▶ **Material provided**
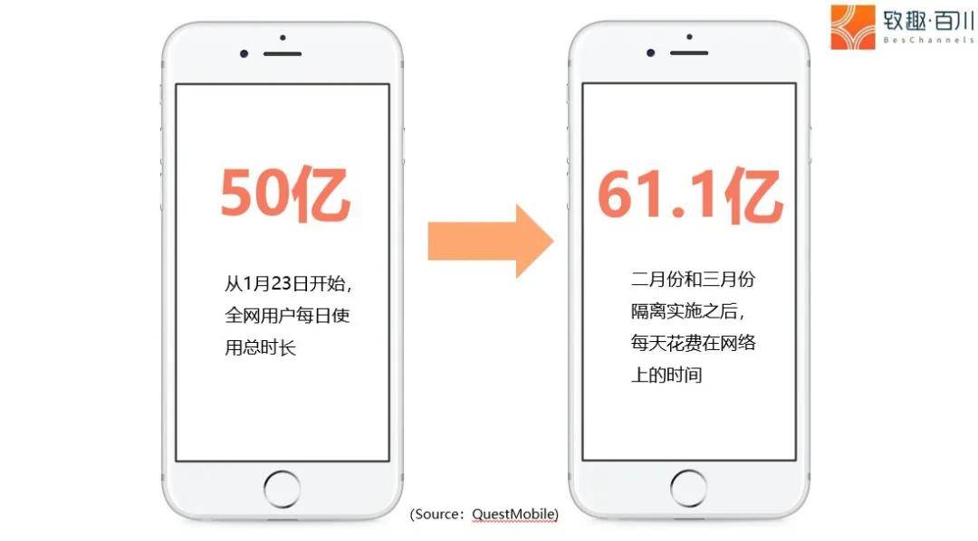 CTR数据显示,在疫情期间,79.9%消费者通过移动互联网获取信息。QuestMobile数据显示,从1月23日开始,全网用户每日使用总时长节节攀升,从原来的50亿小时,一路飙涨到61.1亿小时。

---

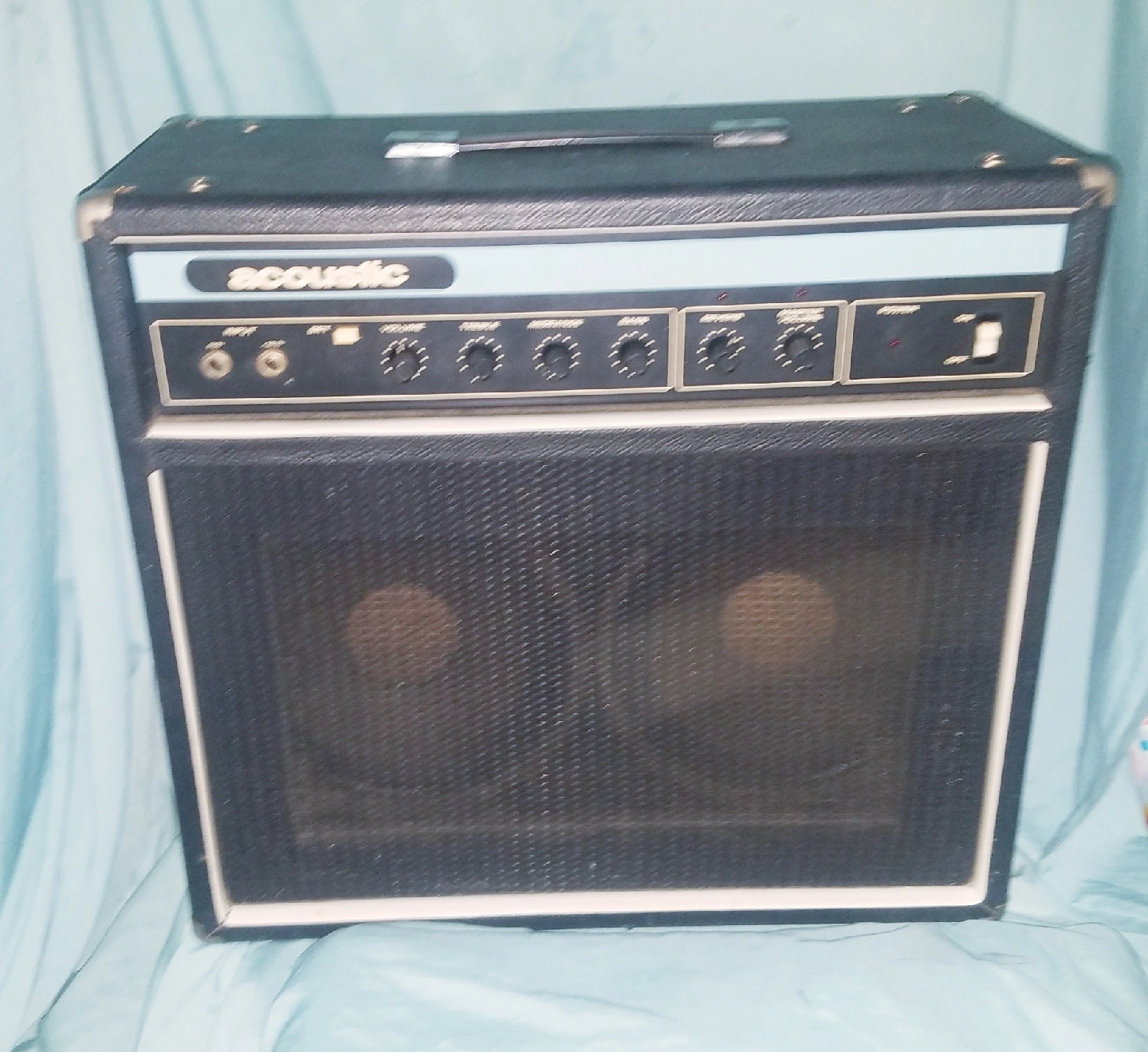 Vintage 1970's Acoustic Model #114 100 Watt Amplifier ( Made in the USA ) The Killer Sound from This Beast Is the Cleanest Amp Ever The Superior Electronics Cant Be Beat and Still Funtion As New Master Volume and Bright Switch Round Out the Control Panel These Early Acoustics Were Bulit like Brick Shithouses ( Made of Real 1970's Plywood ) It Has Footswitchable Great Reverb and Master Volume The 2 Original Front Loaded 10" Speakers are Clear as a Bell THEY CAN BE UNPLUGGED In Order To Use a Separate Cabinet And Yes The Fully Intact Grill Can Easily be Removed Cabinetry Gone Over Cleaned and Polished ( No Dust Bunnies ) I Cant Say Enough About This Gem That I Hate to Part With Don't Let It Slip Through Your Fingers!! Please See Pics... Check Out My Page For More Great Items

---

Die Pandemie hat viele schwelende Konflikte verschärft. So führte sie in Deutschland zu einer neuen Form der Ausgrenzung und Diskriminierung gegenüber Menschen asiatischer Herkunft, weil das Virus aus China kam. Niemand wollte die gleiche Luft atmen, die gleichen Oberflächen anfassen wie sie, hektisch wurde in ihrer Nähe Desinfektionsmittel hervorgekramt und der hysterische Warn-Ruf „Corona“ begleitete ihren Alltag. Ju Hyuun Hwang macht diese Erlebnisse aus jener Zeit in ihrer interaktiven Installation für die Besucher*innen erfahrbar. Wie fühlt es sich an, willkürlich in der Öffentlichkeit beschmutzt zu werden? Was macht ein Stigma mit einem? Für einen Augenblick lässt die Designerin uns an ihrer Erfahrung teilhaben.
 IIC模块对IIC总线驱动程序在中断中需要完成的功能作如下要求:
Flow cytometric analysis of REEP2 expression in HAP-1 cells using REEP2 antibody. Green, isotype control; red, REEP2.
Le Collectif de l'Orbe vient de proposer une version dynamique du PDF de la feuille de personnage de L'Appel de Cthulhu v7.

▶ **Work request**
Above this instruction are the records; retype exactly the lines from the one containing "Die Pandemie hat" up to and including the one containing "Flow cytometric analysis".

▶ **Task output**
Die Pandemie hat viele schwelende Konflikte verschärft. So führte sie in Deutschland zu einer neuen Form der Ausgrenzung und Diskriminierung gegenüber Menschen asiatischer Herkunft, weil das Virus aus China kam. Niemand wollte die gleiche Luft atmen, die gleichen Oberflächen anfassen wie sie, hektisch wurde in ihrer Nähe Desinfektionsmittel hervorgekramt und der hysterische Warn-Ruf „Corona“ begleitete ihren Alltag. Ju Hyuun Hwang macht diese Erlebnisse aus jener Zeit in ihrer interaktiven Installation für die Besucher*innen erfahrbar. Wie fühlt es sich an, willkürlich in der Öffentlichkeit beschmutzt zu werden? Was macht ein Stigma mit einem? Für einen Augenblick lässt die Designerin uns an ihrer Erfahrung teilhaben.
 IIC模块对IIC总线驱动程序在中断中需要完成的功能作如下要求:
Flow cytometric analysis of REEP2 expression in HAP-1 cells using REEP2 antibody. Green, isotype control; red, REEP2.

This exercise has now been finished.